Children with bronchiectasis may benefit from a play-based therapeutic exercise regimen, which leads to improved fitness and basic movement skills (FMS), according to a recent pilot trial.

In the 11 children who received the 7-week therapeutic exercise program, mean motor outcomes significantly improved from 29.0 at baseline to 35.2 after the intervention (p = 0.01). By comparison, scores were mostly unchanged in 10 controls, increasing only slightly from 31.6 to 31.8. [Front Pediatr 2022;doi:10.3389/fped.2022.953429]

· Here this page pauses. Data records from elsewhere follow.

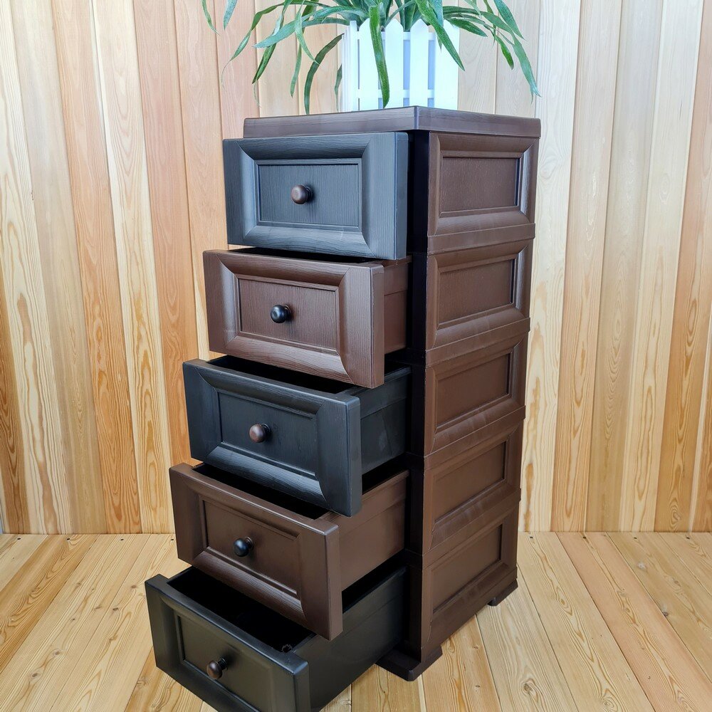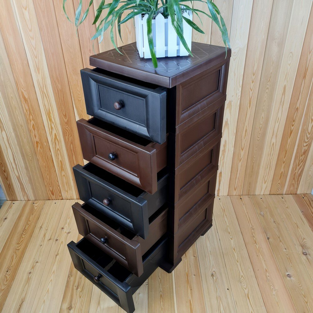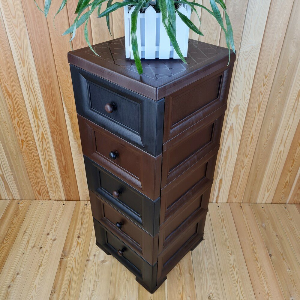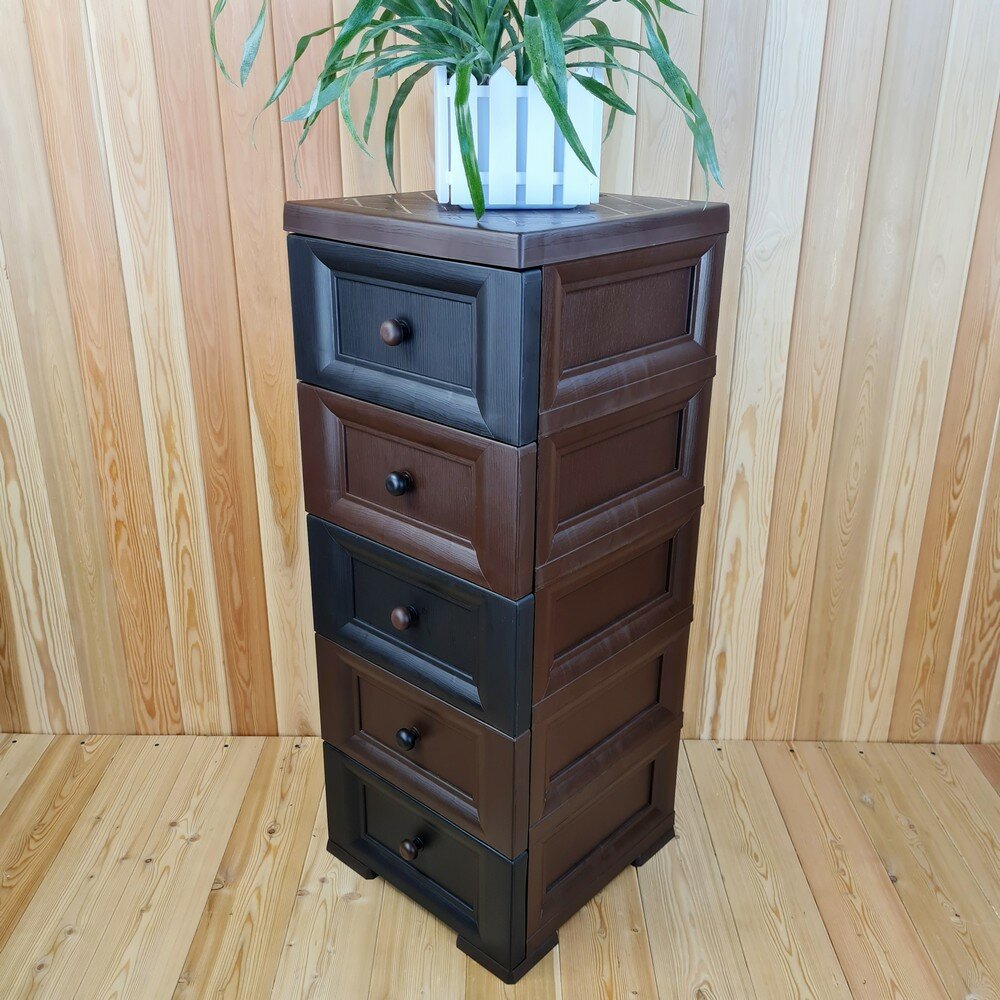 Комод пластиковый, "УЮТ", усиленный, 5 этажей, Цвет: Коричневый с шоколадными сплошными ящиками. Арт: К-013-Д5Ш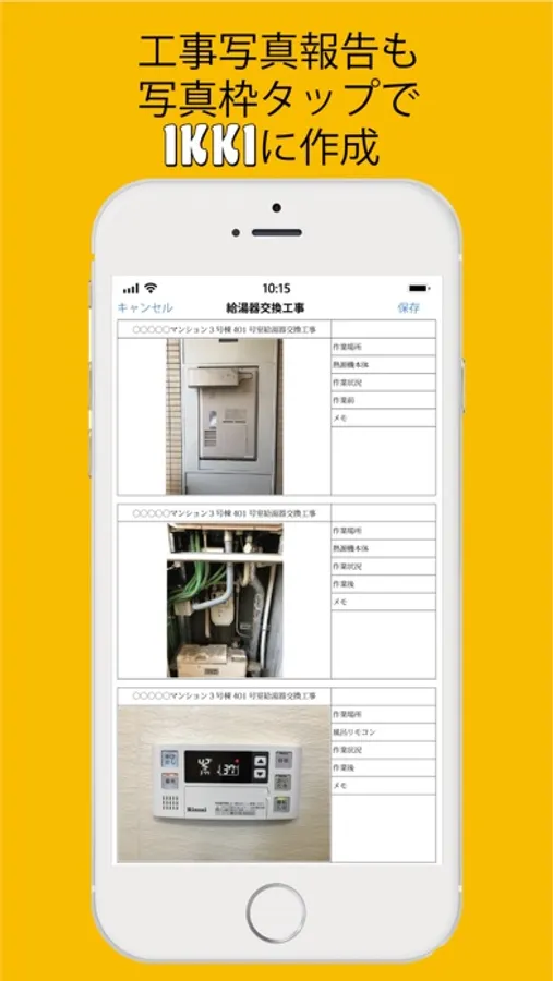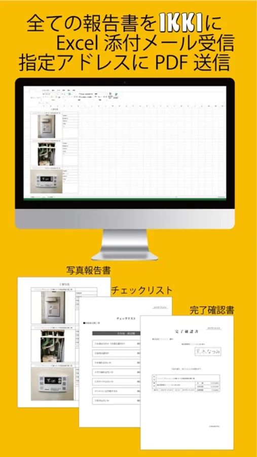 ・写真付き報告書の他、取引先のフォーマットに合わせた「工事完了報告書」の登録が可能。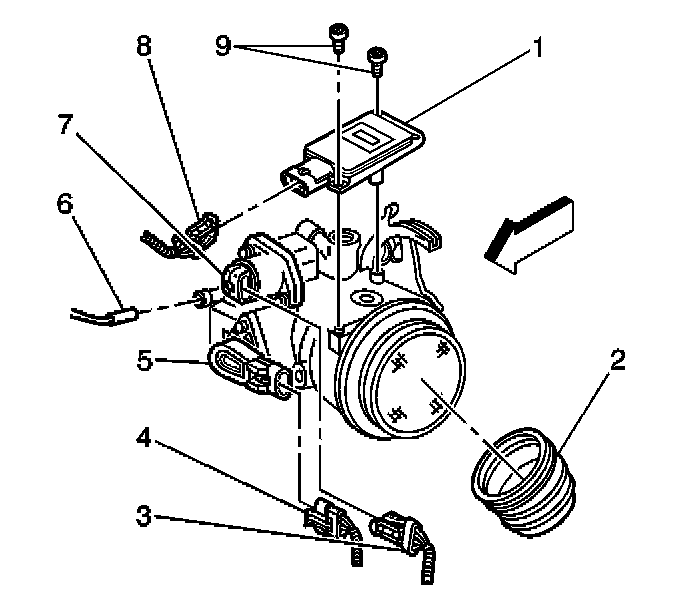 3. Remove the MAF sensor screws (9).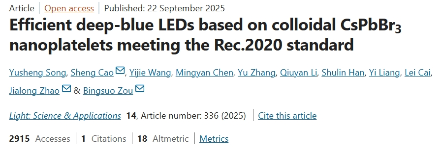 Recently, Guangxi University's nanophotonics research team made new advancements in the field of deep-blue LEDs. The findings, titled "Efficient deep-blue LEDs based on colloidal CsPbBr3 nanoplatelets meeting the Rec.2020 standard," were published in Light: Science & Applications, a subsidiary journal of Nature. The lead author is Song Yusheng, a 2023 doctoral student from the School of Physica...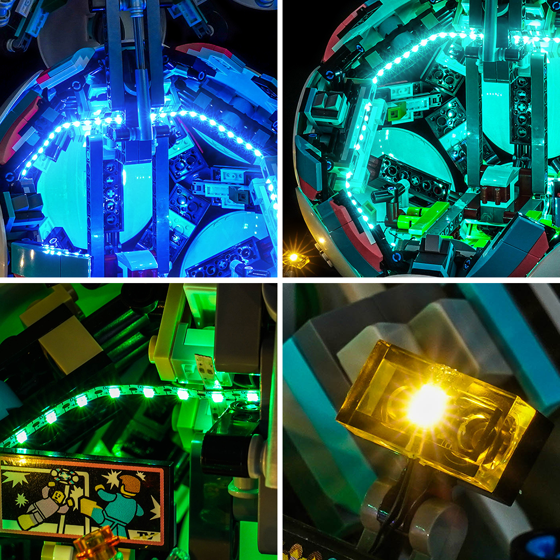 Inside the soccer ball, multiple color-changing LED strips and flash LEDs create a layered lighting effect that highlights the intricate mechanical core of the model. From cool blues and energetic greens to dramatic reds and vibrant purples, the lighting brings a whole new dimension to the build.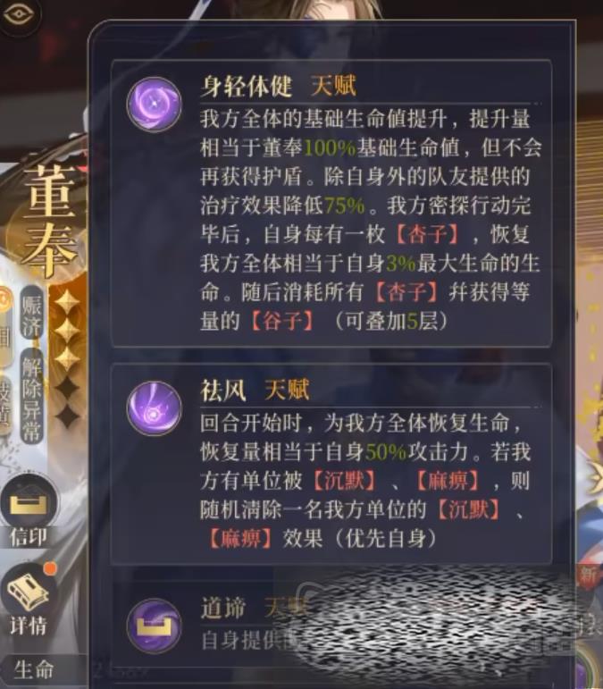 董奉是阳属性的岐黄角色,战场定位是赈济与解除异常,他的技能天赋如下: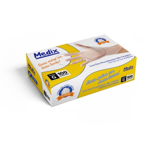 Danificado - Luva para Procedimento Vinil Saude Sem Pó G - Medix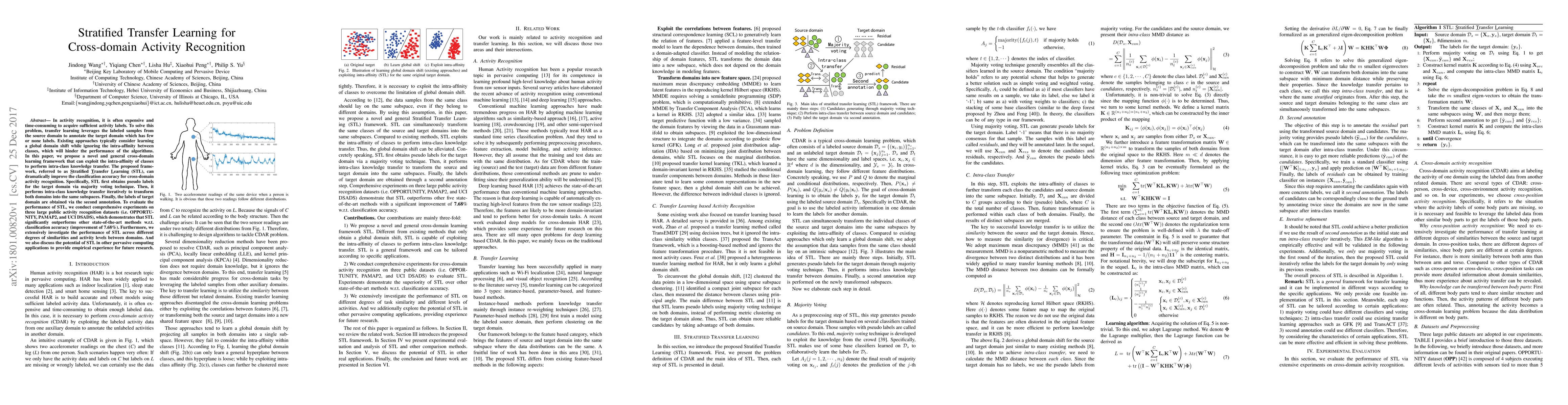 This paper proposes Stratified Transfer Learning (STL) to enhance cross-domain activity recognition by leveraging intra-class knowledge transfer, significantly improving classification accuracy. The method iteratively aligns domains in the same subspace and achieves better results than state-of-the-art methods on three public datasets, demonstrating an improvement of 7.68% in accuracy.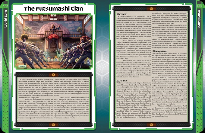 21st Century Rock: Finally, the last chapter gives the Storyteller a 10 page example mission to use as an introduction to the Veil War. It’s a tale of revenge where the players will have to chase down a renegade rockstar who went after the yokai that killed his bandmate.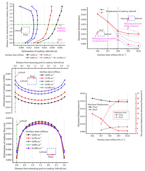 - With the increase of interface stiffness, the displacement of side, floor and roof decreases obviously. The shear stiffness of the coal–rock interface is 5 GPa·m−1, which is the critical value. When the shear stiffness of the interface is less than 5 GPa·m−1, the displacement of the sidewall decreases in a linear form with the increase of the strength of the coal–rock interface. When the stiffness is greater than 5 GPa·m−1, the trend of the displacement reduction decreases.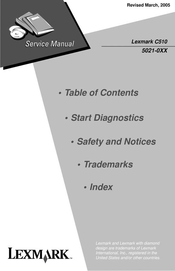 This is official Lexmark C510 Service Manual as used by professional technician to maintain and repair the Lexmark C510 laser printer.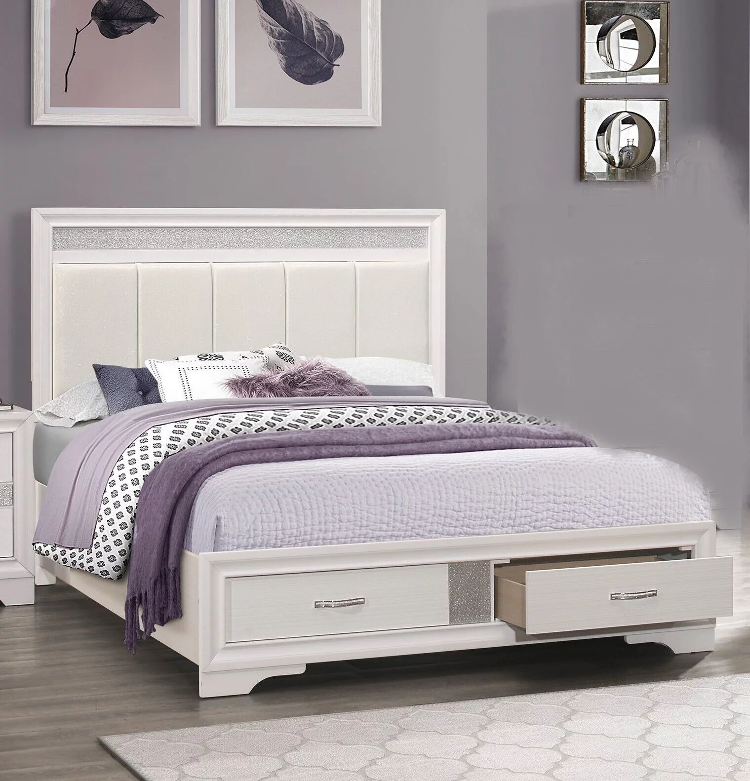 Glamorous White and Silver Glitter 1pc California King Platform Bed Storage Drawers Upholstered Headboard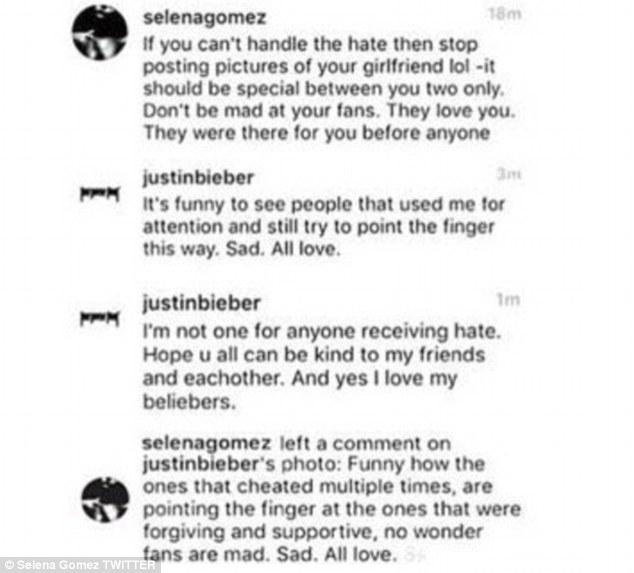 Στην κόντρα αυτή πήρε θέση και η πρώην του Μπίμπερ Σελένα Γκόμεζ που έγραψε: "αν δεν μπορείς να αντιμετωπίσεις τις εκδηλώσεις μίσους, τότε σταμάτα να ανεβάζεις φωτογραφίες με τη φίλη σου...". Για να αρχίσει μια αντιπαράθεση μεταξύ τους, μέσα από τα μέσα κοινωνικής δικτύωσης. Τελικά η Σελένα, έγραψε πριν από λίγο Snapchat: "Αυτά που είπα ήταν άστοχα και εγωιστικά".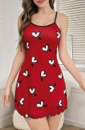 Kadın Kırmızı Beyaz Kalp Desenli Askılı Elbise 5063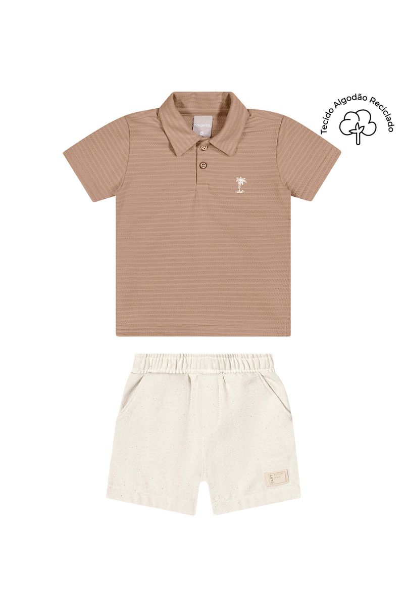 • Conjunto composto por camisa polo e bermuda • Feito em malha texturizada e tecido eco jeans • Possui mangas curtas • Abertura em botões no peitilho • Estampa tropical de palmeira em puff • Elástico no cós • Possui bolsos • Ideal para momentos de descontração

The same was true for the object control scores, which improved from a mean of 27.0 at baseline to 35.5 after 7 weeks in the exercise program group (p = 0.01) while remaining relatively constant in the controls (median, 31.0 to 32.3). . FMS parameters were measured using the gross motor development test.

The researchers also assessed the participants’ cardiorespiratory fitness by looking at the percentage change in heart rate during the submaximal treadmill test, and comparing this before and after the exercise program.

They found that in children assigned to the exercise program, the change in heart rate during the treadmill test decreased by six percentage points after the intervention. In controls, cardiorespiratory fitness remained largely unchanged, with the heart rate decreasing by only 0.9 percentage points.

“The program had a moderate positive effect on cardio-respiratory fitness,” the researchers said. “Although the small sample size precluded statistical significance, the observed effect size… was proportional to what has been reported for improvements in aerobic fitness in children with asthma.” Complete exercise training. [Clin Rehabil 2001;15:360-370]

These improvements in cardiorespiratory fitness were not accompanied by perceived athletic efficiency after the program (p = 0.63).

Similarly, quality of life was not affected by the play-based exercise regimen, resulting in no significant changes in physical, emotional, social, and school quality of life scores, as well as in the overall PedsQL 4.0 questionnaire score.

In this study, assigned patients underwent a therapeutic exercise program of a combination of supervised and unsupervised exercise. Each week, the children attended one 60-minute exercise session led by a clinical exercise physiologist, which was then supplemented with a home program that participants were expected to complete two days per week.

The supervised sessions consist of six activity stations that the children take turns; Each station included activities and games designed to target specific FMS parameters. Activities were also selected to be developmentally appropriate and tailored to the participants’ fitness level and skills. Home sessions consist of the last two games the child participated in during the supervised sessions.

“To our knowledge, this is the first study to evaluate the effects of a therapeutic exercise program on efficiency in FMS in children with chronic respiratory disease. The improvements in FMS resulting from the seven-session program were not only statistically significant, but clinically significant,” the researchers said.

They added, “The results are sufficiently positive to warrant a larger randomized controlled trial, testing the effectiveness of an exercise program in children with bronchiectasis and/or other chronic respiratory diseases.”